Command A+
Cohere's open-source 218B Mixture-of-Experts LLM built for agentic coding workflows, multilingual tasks, and document processing — runs on as few as 2 H100s.
Overview
Command A+ is Cohere's flagship open-weight model, a 218-billion parameter Mixture-of-Experts architecture released under Apache 2.0 in May 2026. The MoE design activates only a subset of parameters per inference pass, which is how Cohere gets a model this large running on just two H100 GPUs — a significant hardware efficiency advantage over similarly-sized dense models. It's built from the ground up for agentic workflows: multi-step tool use, code generation, retrieval-augmented generation, and structured document processing.

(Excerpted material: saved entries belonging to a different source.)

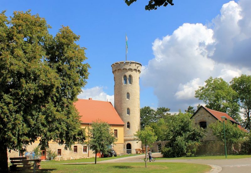 - runder Turm, einem mittelalterlichen Bergfried nachempfunden
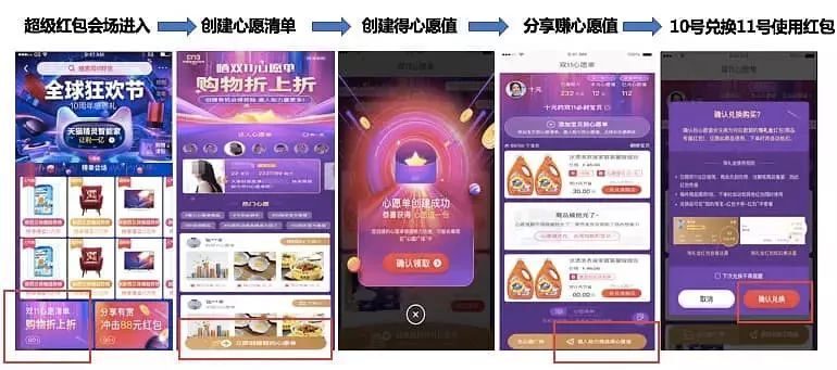 11月1日起,用户可以将自己喜欢的商品添加到“双11心愿单”,并通过分享获得好友帮助,获得心愿值奖励。 11月10日晚上11点后心愿值可兑换专属商品红包,用于当日双11订单折扣,兑换比例为1:1。
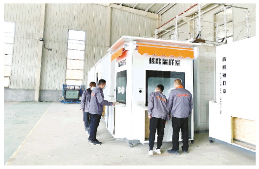 集成房屋产业是昌乐县重点发展的新产业之一。今年以来,该县围绕产业提质增效,积极推动相关企业加强相关产业人才引进和培养,持续提升产品质量,推出符合市场需要的新产品,着力提高企业竞争力,扩大市场占有率。图为德润绿建技术人员在检测新生产的核酸采样室集成房屋产品。
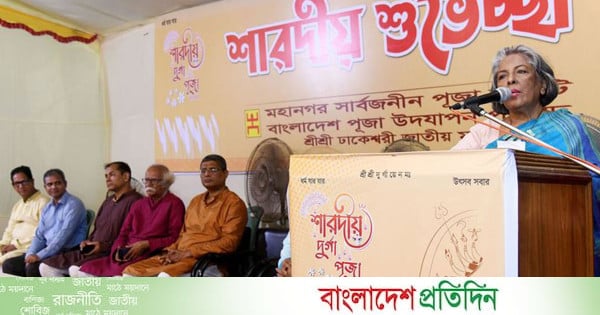এসময় প্রাথমিক ও গণশিক্ষা মন্ত্রণালয়ের উপদেষ্টা অধ্যাপক ডা. বিধান রঞ্জন রায় পোদ্দারও বলেন, শারদীয় দুর্গাপূজা শুধু ধর্মীয় উৎসব নয়, এটি সমাজে সম্প্রীতি ও সৌহার্দ্যের প্রতীক। সকল নাগরিকদের একসঙ্গে বসবাস ও উন্নয়নের পথে এগিয়ে যাওয়ার অঙ্গীকার পুনর্ব্যক্ত করেন তিনি।
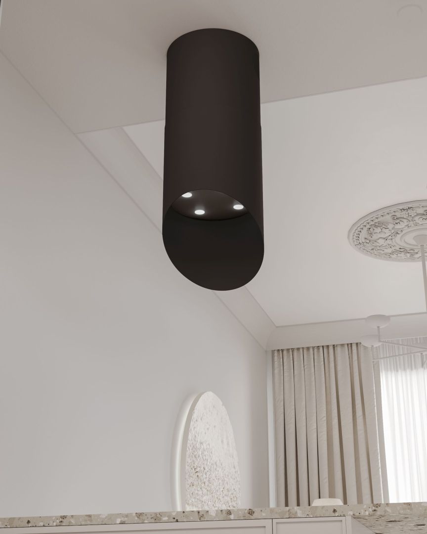 Nowoczesny okap wyspowy, dostępny w wersji wyciąg lub pochłaniacz, wyróżnia się również dopracowanymi parametrami technicznymi. Wysokowydajna turbina o mocy 850 m³/h, energooszczędne oświetlenie LED SMD, elektroniczne sterowanie, pilot radiowy, kilkuwarstwowe filtry aluminiowe oraz najlepsze materiały sprawiają, że model Hiro Black Matt jest efektywny, cichy i bezproblemowy w obsłudze.

What sets Command A+ apart from generic LLMs in the coding category is Cohere's focus on enterprise agentic use cases. The model is designed to chain tool calls, parse complex documents with mixed modalities (text, tables, charts), and operate across 23+ languages. For teams building AI agents that need to reason over codebases, process documentation, or orchestrate multi-step workflows, this is purpose-built rather than adapted after the fact.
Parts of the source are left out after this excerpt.